When the eddying currents reach their maximum value after saturating the wall material, they begin to decay back to a neutral state. This decay is detected by the PEC system, which translates the duration of this active field into a distance, which in turn is calculated as an average wall thickness. The eddy current generation and subsequent decay varies with the thickness of the material under the “footprint” of the probe. The software determines a comparative result, relating the thickness displayed to a known (or assumed) wall thickness at a selected reference point.
The main limitation of this technique is that PEC averages the wall thickness over its “footprint,” a roughly circular area where the eddy currents flow. The footprint’s diameter approximately equals the distance between the probe and the metal surface. PEC is thus well-suited to determining wall loss over a relatively large area but not to detecting very localized damage.
PEC is based on relative values, which is another limitation. It can detect differences in the thickness of a single object, such as a tank wall. This will suffice for many applications, and when you need a quantitative result, you can calibrate at a given point within the grid of test specimens using a different method.

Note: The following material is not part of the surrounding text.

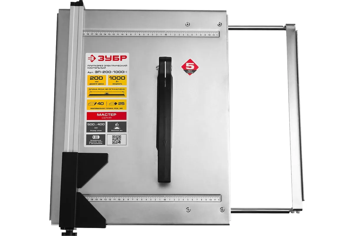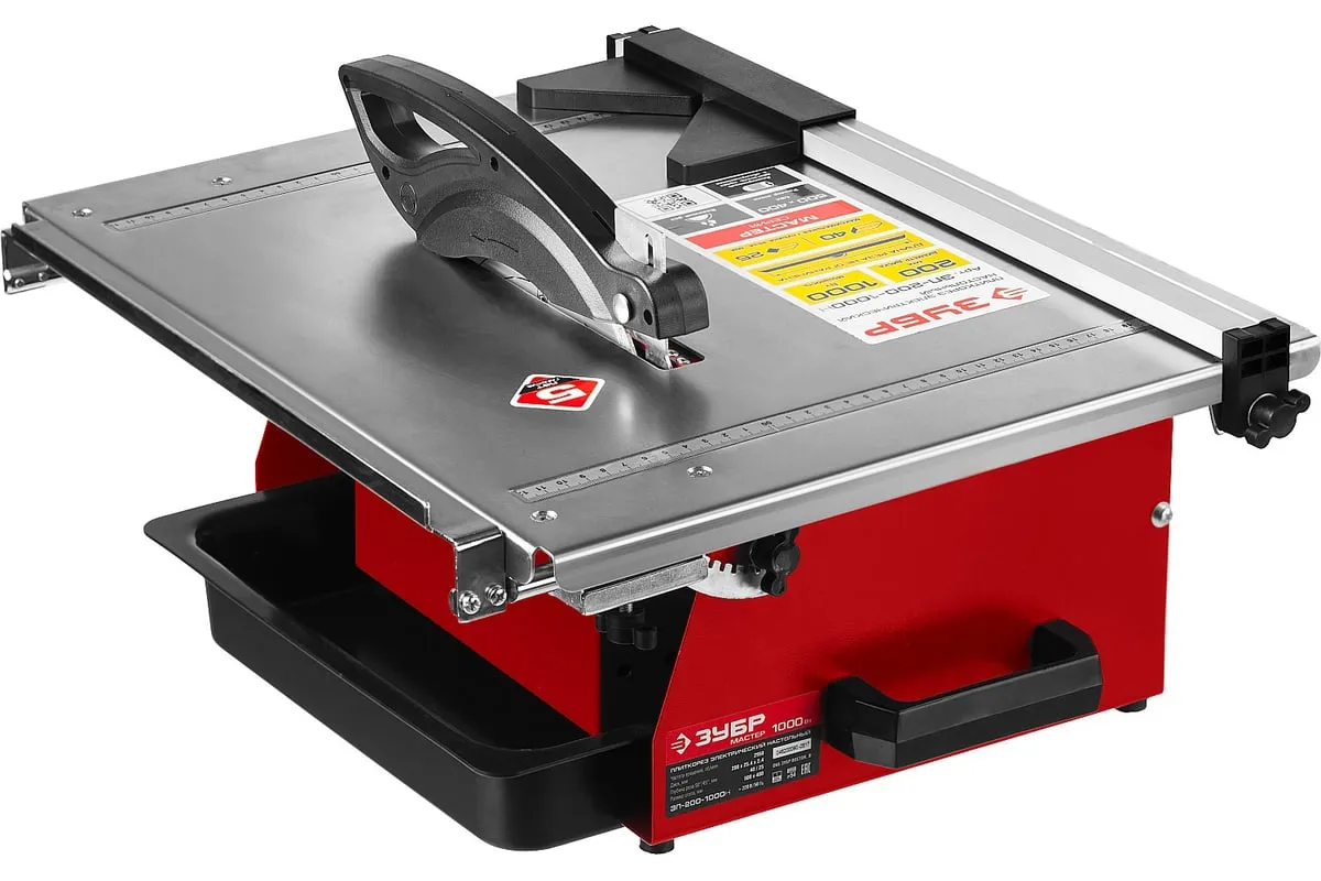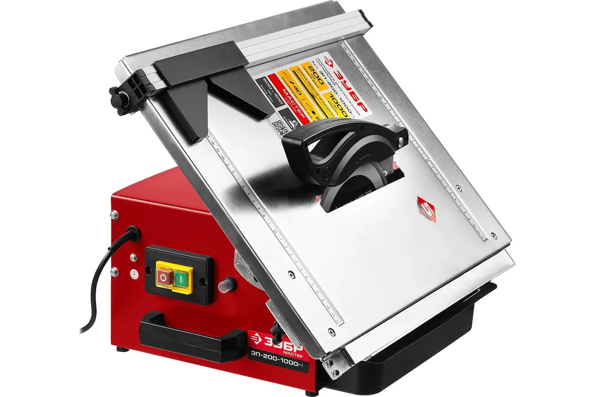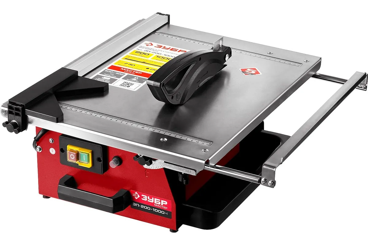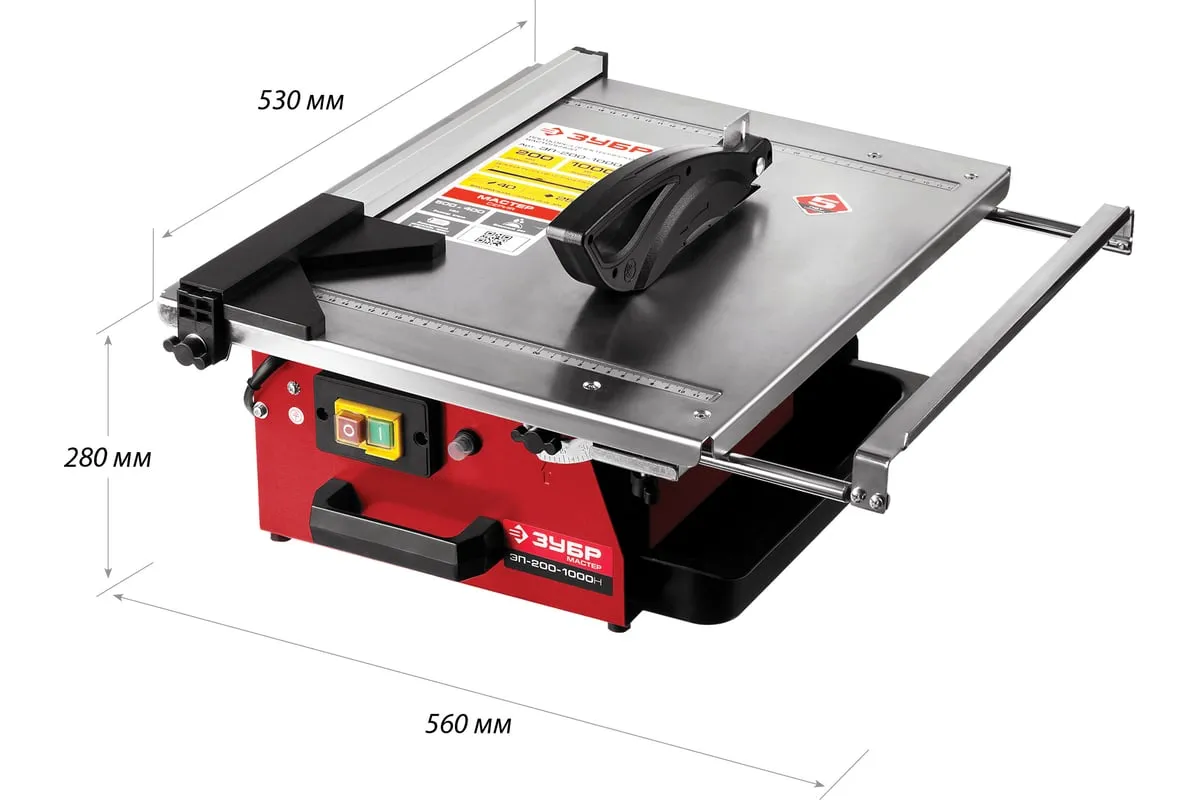 Электроплиткорез МАСТЕР ЗУБР ЭП-200-1000Н оборудован асинхронным двигателем, который не требует специального обслуживания. Агрегат подойдет для резания напольной, настенной, тротуарной и облицовочной плитки. Размеры стола 500x400 мм и отсутствие бортов дают возможность работать с плиткой большинства стандартных размеров. Для охлаждения диска предусмотрено наличие специальной емкости для воды.

The PEC inspection showed the demineralized water tank to be in great condition, with wall thickness and epoxy liner totally intact. However, it also confirmed that the makeup water tank was showing signs of liner failure, with active corrosion of the steel wall. Fortunately, wall thicknesses still measured within the acceptable range.
The PEC findings enabled us to budget and properly plan for a single tank drain and repair. We would otherwise have fallen back on the costly and labor-intensive recourse of draining both tanks during our annual outage and responding reactively to the results of conventional destructive testing.
Better Long-Term Planning = Less Risk of Major Failures
Through the use of advanced technologies not commonly deployed during routine outages, we were able to catalog and baseline conditions inside GRE’s least accessible components. We can now plan more accurately for the long term and better target our future outage efforts.
Although skeptical at first, GRE’s owner, Granite Ridge Holdings LLC, much appreciated our choice of nondestructive sensor testing to do these 10-year assessments. The company not only realized a cost savings up front over using conventional destructive methods but also substantially mitigated the risk of being blindsided by a catastrophic failure.
—Larry Hawk, NAES Corp., is plant engineer at Granite Ridge Energy, Londonderry, N.H.